Images of stained tissue sections were acquired using a confocal laser-scanning microscope (Olympus, Fluoview FV 1000, Center Valley, PA, USA). Three to four randomly selected fields were imaged in the region of interest within the tissue section. The immunofluorescence intensity measurements for specific markers on the imaged sections was quantified using Image J software (available online: http://imagej.nih.gov/ij/). For presented images, the tonal range and sharpness (smart sharpen, 0.9 pixels) of the Tiff files were normalized using Adobe Photoshop CS2 (Adobe Systems Inc., San Jose, CA, USA).
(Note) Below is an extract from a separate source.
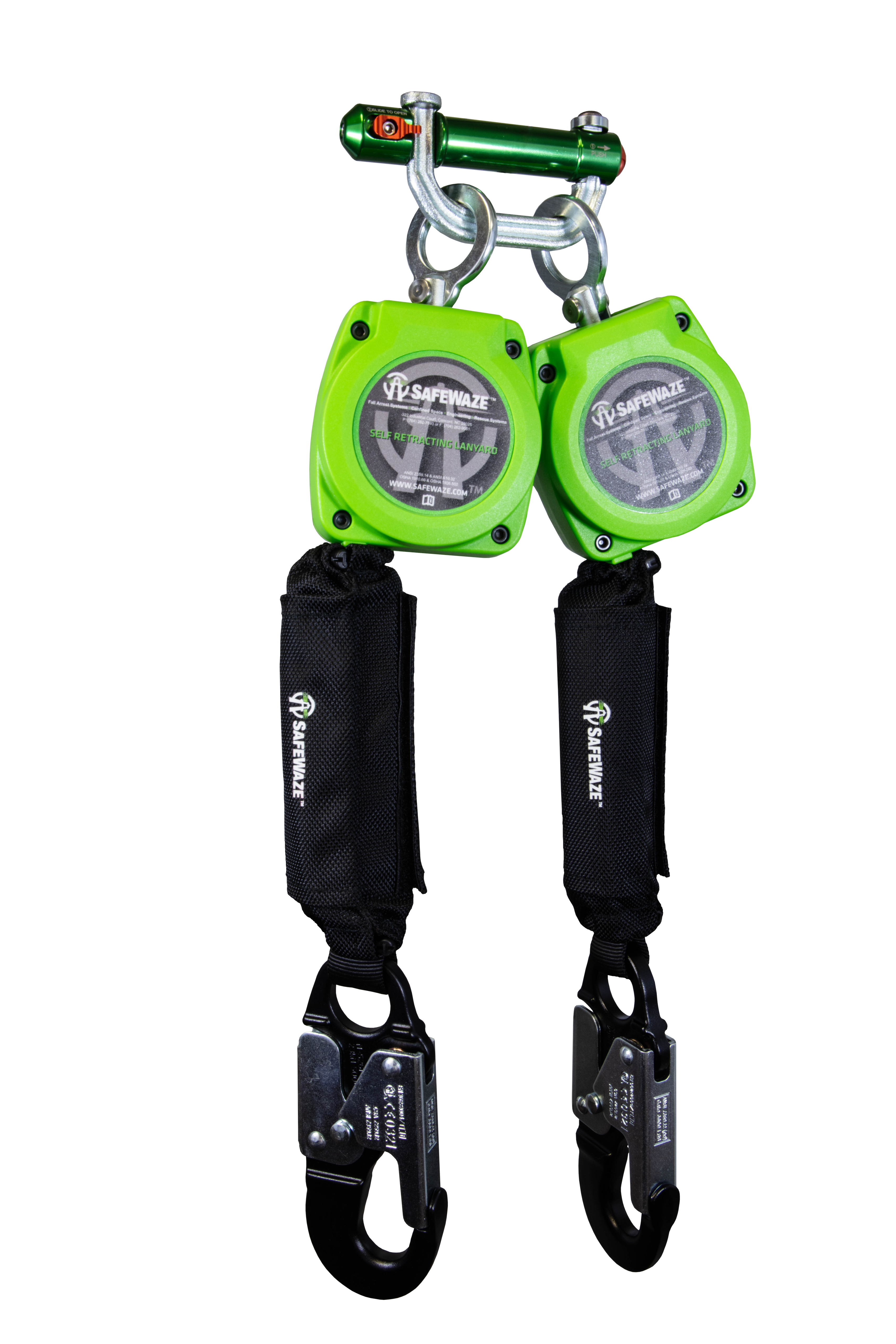 The SAFEWAZE 019-5053 Class A 6 ft dual-leg web self-retracting lifeline with aluminum snap hooks combines lightweight design with durability. These units come with our 9013 Behind-the-Web Bracket and have rotating and pivoting attachment points for improved mobility, making it the ideal personal dual-leg unit.
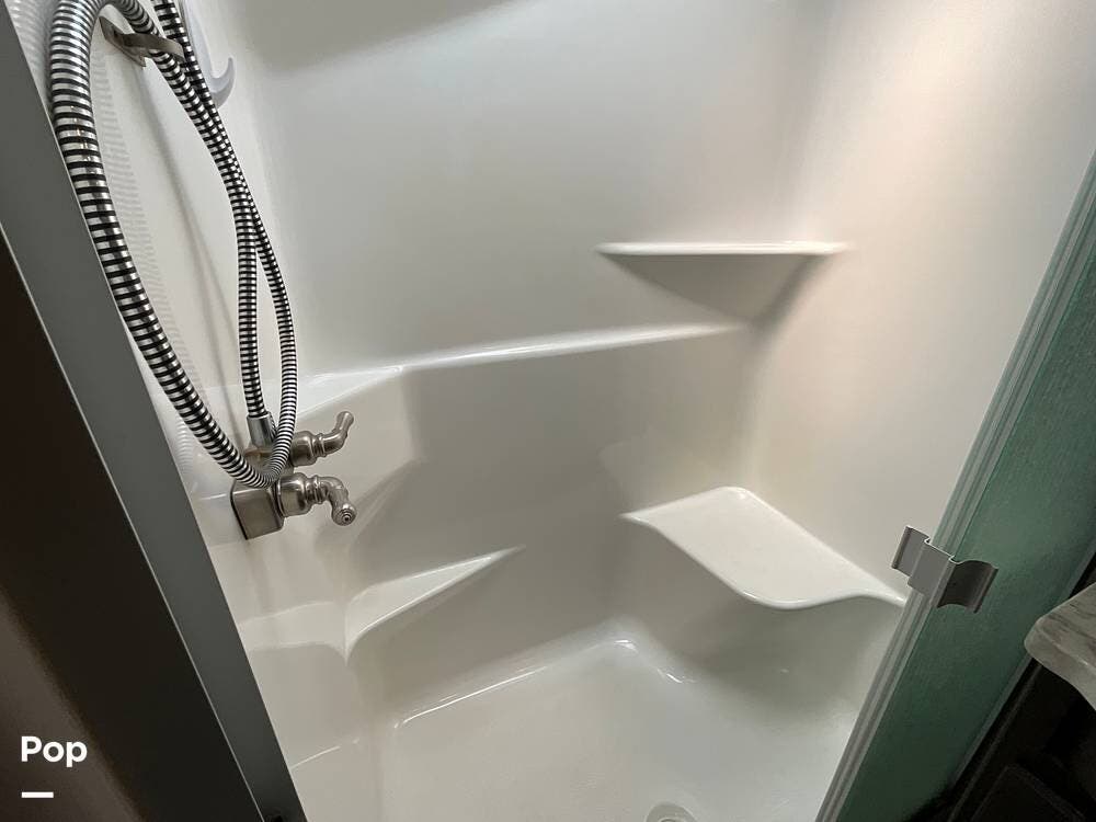 The bathroom has a good-sized shower with an upgraded showerhead and seat.

4.12. Statistical Analysis

The numbers used for the different experimental outcomes were determined by employing a power analysis with SigmaStat (software version 4.0, San Jose, CA, USA) using experimental data obtained previously of a similar type. A power of 0.85 was employed for sample size estimates, meaning that with the n chosen, there would be an 85% chance of detecting meaningful differences. Statistical analysis was performed using Graphpad Version 4.0 (Graphpad Software, Inc., La Jolla, CA, USA). A Student’s t-test or column statistics was used for comparisons between SC-transplanted and control groups. Differences were accepted as statistically significant at * p < 0.05, or ** p < 0.01. All errors are given as standard errors of the mean.